The original data of the planning, weekly dose and accumulated dose for each patient are listed in the supplementary data.

4. DISCUSSION

This study evaluates three proton therapy optimization strategies, cRO‐3 mm, aRO_AM, and aRO_PM to address geometric uncertainty in H&N cancer treatment. The aRO_PM approach showed more consistent tumor coverage and reduced NTCP compared to the conventional cRO‐3 mm method, especially under variable anatomical conditions.

In this study, the aRO_PM demonstrated superior tumor coverage compared to aRO_AM. However, this increased robustness comes at the cost of slightly reduced NTCP benefits. The difference in mean body dose between aRO_PM and aRO_AM was minimal on average.

Chan et al. ¹³ compared anatomical robust optimization using predicted images of AM from 1, 3, and 5 against 2 and 4. Their results indicate that using more predicted images can lead to more robust treatment plans. In future work, we will investigate different strategies to identify the most appropriate time points for presenting typical anatomical changes. Notably, the anatomical model is not limited to nasopharyngeal cancer; it can also be applied to other H&N cancers such as oral, oropharyngeal, or laryngeal cancer.

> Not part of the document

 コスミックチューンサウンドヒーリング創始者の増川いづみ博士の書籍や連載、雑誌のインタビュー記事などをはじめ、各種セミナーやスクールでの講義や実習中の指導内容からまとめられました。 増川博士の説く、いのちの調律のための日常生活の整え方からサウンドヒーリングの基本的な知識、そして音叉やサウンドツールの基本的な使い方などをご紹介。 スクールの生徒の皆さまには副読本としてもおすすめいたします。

Increasing the number of uncertainty scenarios from 28 (cRO) to 112 (aRO) inevitably prolongs the optimization process, as each additional scenario must be computed and integrated into the final plan. In our experience, an aRO plan, which includes the pCT plus three predicted CTs, takes about 18 min for 30 iterations, compared with two minutes for a single CT in cRO. Since 5–6 optimization rounds are often needed for aRO (vs. 2–3 for cRO), the total aRO planning time can reach 90 min‐roughly 18 times longer than single‐CT planning. Despite this higher computational cost, the improved robustness from simultaneously addressing multiple anatomical variations may justify the additional effort in high‐precision H&N proton therapy.

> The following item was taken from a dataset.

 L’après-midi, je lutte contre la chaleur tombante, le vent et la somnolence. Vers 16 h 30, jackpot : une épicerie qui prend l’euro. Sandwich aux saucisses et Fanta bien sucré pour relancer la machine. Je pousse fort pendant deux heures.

Online adaptation has demonstrated potential for reducing NTCP in proton therapy. Lalonde et al. ¹⁴ reported mean NTCP reductions of 5.42% (NTCP_d) and 5.12% (NTCP_x) compared with the cRO‐3 mm approach, based on an assumption of perfect setup without error during IGRT. In our study, we used a 1 mm setup margin to account for robotic table correction accuracy and beam reproducibility, achieving a comparable NTCP_x reduction of 4.88% relative to cRO‐3 mm. NTCP_d reduction was limited, however, due to significant overlap between the superior portion of the PCM and the high‐risk CTV, making it difficult to spare small non‐overlapping areas in these cases. Moreover, online adaptation requires a median of 12 min (ranging from 8 to 22 min) per session. During this adaptation period, patients may experience posture changes, which our study found could lead to 10% variations in CTV V94 and changes in OAR mean dose of up to 8.5 Gy, as evidenced by comparing week 1 treatment doses with planning doses (please refer to appendix table). Thus, the benefits reported by Lalonde et al. may not guarantee. By contrast, the time saved per patient using the aRO_PM approach may offer an advantage in improving overall treatment efficiency. It would be interesting to compare the aRO_PM with online adaptation in the future work.

CONFLICT OF INTEREST STATEMENT

The authors have no relevant conflicts of interest to disclose.

Supporting information

Supporting Information

Supporting Information

Zhang Y, Chan MKH. Enhancing accuracy in proton therapy: The impact of geometric uncertainty models in head and neck cancer treatment. Med Phys. 2025;52:4585–4589. 10.1002/mp.17698

DATA AVAILABILITY STATEMENT

The authors cannot make these data publicly available due to data use agreement.